Lyla Foy (born 1988) is an English, London-based singer-songwriter. Her music has been described as "somewhere between folk and dream pop" and has been praised for its "texture and rhythmic complexity". She sings, writes, and produces her music.

She has been the opening act for The National, Sharon Van Etten, Midlake, Phosphorescent, and Fleet Foxes. Lyla also sings and plays bass with psychedelic six-piece, Mono Club, fronted by John Herbert of Goldheart Assembly.

==Biography==
===Early life===
Foy liked music from an early age; her father listened to Ella Fitzgerald. However, she did not have musical parents. Foy taught herself to play guitar as a teenager.

===Career===
Foy released her debut single "Magazine" in September 2012 under her band's name, WALL.

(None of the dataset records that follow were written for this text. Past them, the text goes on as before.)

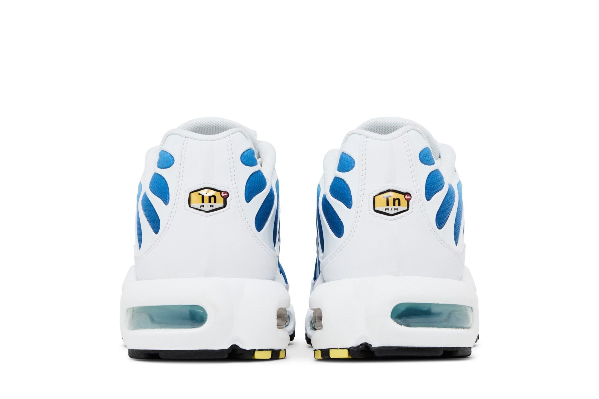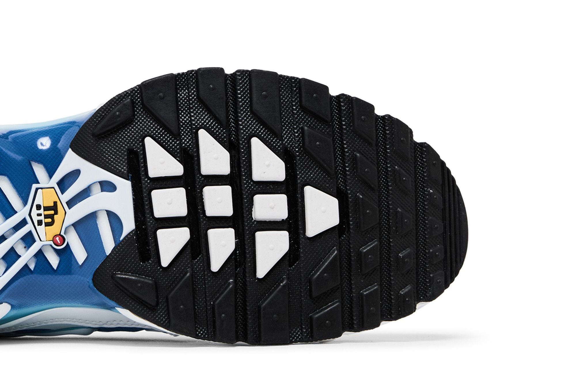 The Nike Air Max Plus Sky Blue is a sneaker featuring Tuned Air technology and staying true to the original 1998 design. This version features a Sky Blue fabric upper for flexibility and breathability. The blue color fades from the laces at the top to a darker shade toward the base. Energetic white lines run from the laces to the base of the upper in a very eye-catching wavy pattern. The Nike Swoosh appears on the midsole in white with a blue outline. White leather completes the base and heel, where a yellow Tuned Air logo is featured. Air Max units are visible under the heel and forefoot.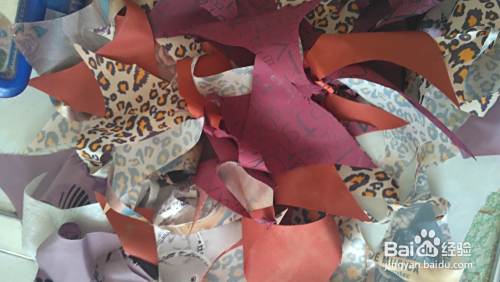 用剪刀剪掉多余的部分(如图),用同样方法制作若干个三角(如图)。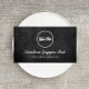 Un logo classique d'une fourchette et d'un couteau encastrés dans un cercle devient l'identité de votre marque professionnelle ou personnelle. Placé sur un arrière - plan rustique en bois noir, ce modèle de carte de visite est parfait pour les chefs, restaurants, dîners, cafés, gourmets, blogueurs gastronomiques, bars, cuisiniers, boulangeries, etc. © 1201AM DESIGNS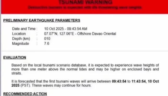 Jakarta | BATAVIAINEWS.COM. Hari Jumat 10 Oktober 2025 pukul 08.43.58 WIB wilayah Laut Filipina, Kepulauan Talaud, Sulawesi Utara diguncang gempa tektonik. Hasil analisis BMKG menunjukkan gempabumi ini memiliki parameter update dengan magnitudo M7,4. Episenter gempabumi terletak pada koordinat 7,23° LU ; 126,83° BT, atau tepatnya berlokasi di laut pada jarak 275 Km arah Barat Laut Pulau Karatung, Sulawesi Utara pada kedalaman 58 km.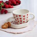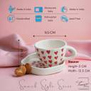 The Transit Story Pack of 2 Ceramic Heart Tea/Coffee cup saucer for Office and Home|Microwave|Dishwasher Safe (White, Red, Multicolor, Cup and Saucer Set)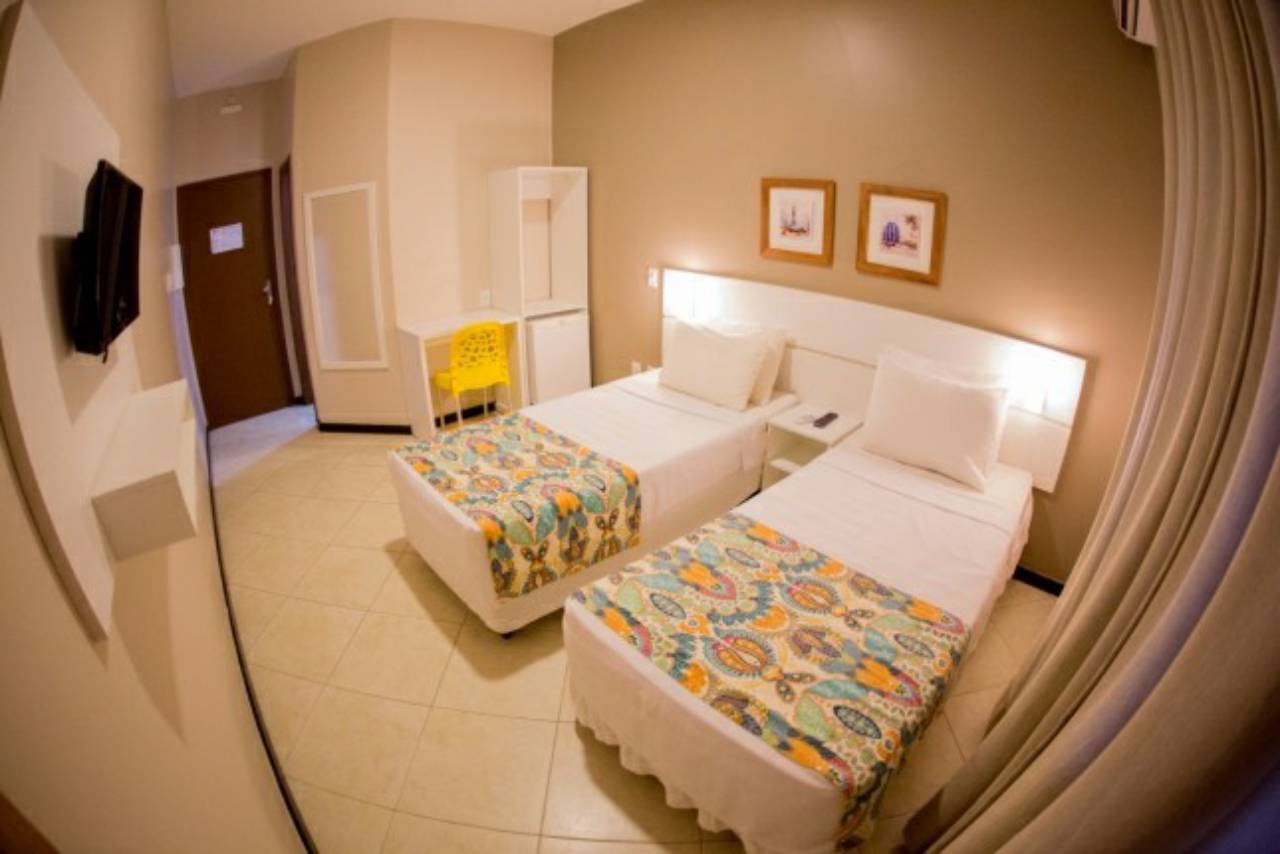 Apartamentos com 16m2, equipados com 01 Cama Queem Casal e 01 Cama de Solteiro, ou se preferir 03 Camas de Solteiro. Possui Ar Condicionado Split, Smart TV 32", armário, mesa de trabalho com internet Wi-fi cortesia, e frigobar. Amplo banheiro privativo.

In March 2013, Foy released her debut EP Shoestring, named after the title track of the same name. The EP also included the tracks "Left to Wonder", "Place Too Low" and "All Alone".

In October 2013, Foy dropped her stage name WALL for her real name, Lyla Foy and signed a recording contract with Sub Pop. Foy released a double a-side called "Easy" / "Head Down" via Subpop.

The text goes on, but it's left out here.